Er, you forgot the patty, and for that matter the bun and the sauce. I guarantee you that if you managed to order a hamburger “hold everything but the lettuce, tomatoes, pickles, and (unfried) onions”, it would be healthier than average.
But in any case, you forgot my group of vindictive scientists. They have the ability to classify a burger differently from the sum of its parts, and could in theory target specific burger layouts if they felt like it.
Did you read the ravishly article?
“I asked a couple of friends who were formerly fat how they felt when they saw fat people. I was expecting them to say something like, “Oh, it’s hard for me” or “I feel embarrassed for them.” I was surprised when both answered that when they saw fat people, they felt empathy and that there would always be a fat person inside them who affected every part of their life.”
What **message **would it take? I don’t think there is one. You can’t shame or badger people into overcoming 4 billion years of evolution. Its just not going to happen.
I once read that no nation on earth is winning the war on obesity. Every nation is either getting fatter or (at best) staying about the same.
With cigarette smoking, once the health risks were known the rates of smoking started declining. I think among doctors nearly 50% smoked in the 60s, now its barely 5% of doctors. Rates for adults in general have been cut by about 60% since the health risks became known.
Nothing comparable exists for obesity anywhere on earth as far as I know. People know obesity is dangerous, unattractive, unhealthy, etc. but they keep getting fatter. I don’t think there is a message that can win the war on obesity. People already know obesity is bad for your health but more importantly (lets be honest about what motivates people) people know obesity is bad for your social status and physical attractiveness but that knowledge isn’t making people lose weight and keep it off permanently.
A true cure for obesity will have to be medical. I’m guessing altering the brain’s set point by doing things like giving leptin receptor agonists, or activating the stretch receptors at the top of the stomach, or something like that is what will win the war on obesity. The first truly safe, affordable and effective cures for obesity will do to obesity what antibiotics did for bacterial infections in the middle of the 20th century.

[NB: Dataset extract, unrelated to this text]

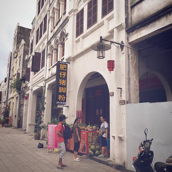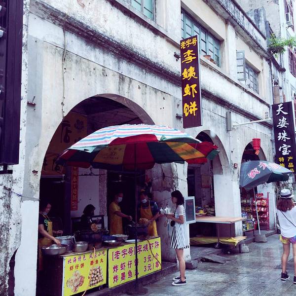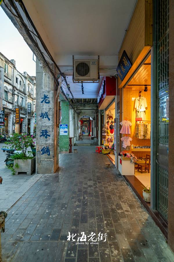 金骆驼 北海的景点除了涠洲岛和银滩,就数这北海老街了吧。可是旺季游客多的时候,需要排队等待北海的景点除了涠洲岛和银滩,就数这北海老街了吧。北海老街主要就是指珠海路,这条长约1.5公里的街道已经有100多年历史了,最有看点的就是那些中西合璧骑楼式建筑。这种建筑有自己的地域特色,又吸收了岭南建筑...北海的景点除了涠洲岛和银滩,就数这北海老街了吧。北海老街主要就是指珠海路,这条长约1.5公里的街道已经有100多年历史了,最有看点的就是那些中西合璧骑楼式建筑。这种建筑有自己的地域特色,又吸收了岭南建筑的特点,还吸取了西方建筑的一些艺术风格,并且可以商住两用,临街的部分用来开店,后面是居住的地方。临街的骑楼部分既是道路向两侧的扩展,又是铺面向外部的延伸,人们行走在骑楼下,既可遮风挡雨,又可躲避烈日。如今失去昔日繁华的骑楼日渐老化,湿热的天气致使外墙上长了一层淡淡的青苔,生锈的路灯下盘缠着绽放得灿烂的花朵,刻于墙面之上的老店名也仅是依稀可见。当新开的小店把英文标牌挂上骑楼外墙时,刹那间竟有了几分澳门小街的味道。而当我看着商贩和店铺卖着各种珍珠加工品、杂货、丝绸、干海货、渔民用品还有G7咖啡的时候,加上从窗户伸出的三角梅,又恍惚以为自己在越南。老街的风情还蛮多样的。老街上还有不少现代气息的咖啡厅和酒吧,门面不大,看起来和老街一样的残旧,内饰和装修和老街的骑楼融为一体。可以点上一杯喝的,在屋里感受时光岁月的痕迹。由于时间关系,我没有找店坐,只是买了杯芒果沙冰,10元钱,很纯正,各种水果沙冰也算老街特色。来之前就从网上看到这家李姨家虾饼特别有名,本来没报什么期待,结果吃完真的很好吃,虾饼里真的有很多新鲜虾子,有些还是活的,因为是现炸的,所以口感特别好,除了虾饼,老板卖的墨鱼丸等等味道也不错。可是旺季游客多的时候,需要排队等待。小建议:①其实北海老街这称呼是被人们喊出来的,指的是珠海路和中山路一带,更狭窄点说就是珠海中路了,有些地图APP直接搜北海老街是搜不出来的,那就搜珠海路吧。②因为老街这边公交车不能到,所以从停靠的站点走过来还有些距离,大概10分钟。③虽然说古街卖虾饼的很多,最好还是选李姨家的,我专门买来对比了下,果然李姨家好吃很多,排队也值得。④老街里还有一条逼仄的小巷,俗称“摸乳巷”,只能容下一个瘦人单向行进,比较有特色。⑤古街里卖的东西价格还行,珍珠和咖啡都比较便宜,可以买些。

Bumping this thread to link an interesting article.
The message that should be given out is:
“Eat less ultra-processed food” - because it doesn’t satisfy hunger, and you end up eating too much.
How ultra-processed food took over your shopping basket
It’s cheap, attractive and convenient, and we eat it every day – it’s difficult not to. But is ultra-processed food making us ill and driving the global obesity crisis?
There’s a good research study mentioned in the article, and links to other published research.
A third reason: we’re increasingly a car-dependent society - even more than we were 50 years ago, when the jobs were still mostly in the center city, the suburbs weren’t nearly so sprawling as they are now, and commutes involving a combination of walking and public transportation were a lot more feasible.
Now the suburbs are far more vast, buses can’t cover the territory nearly as well, and a lot of the commuting is from one suburb to another anyway.
Even walking a few blocks at each end of your commute makes a difference when you do it day in and day out.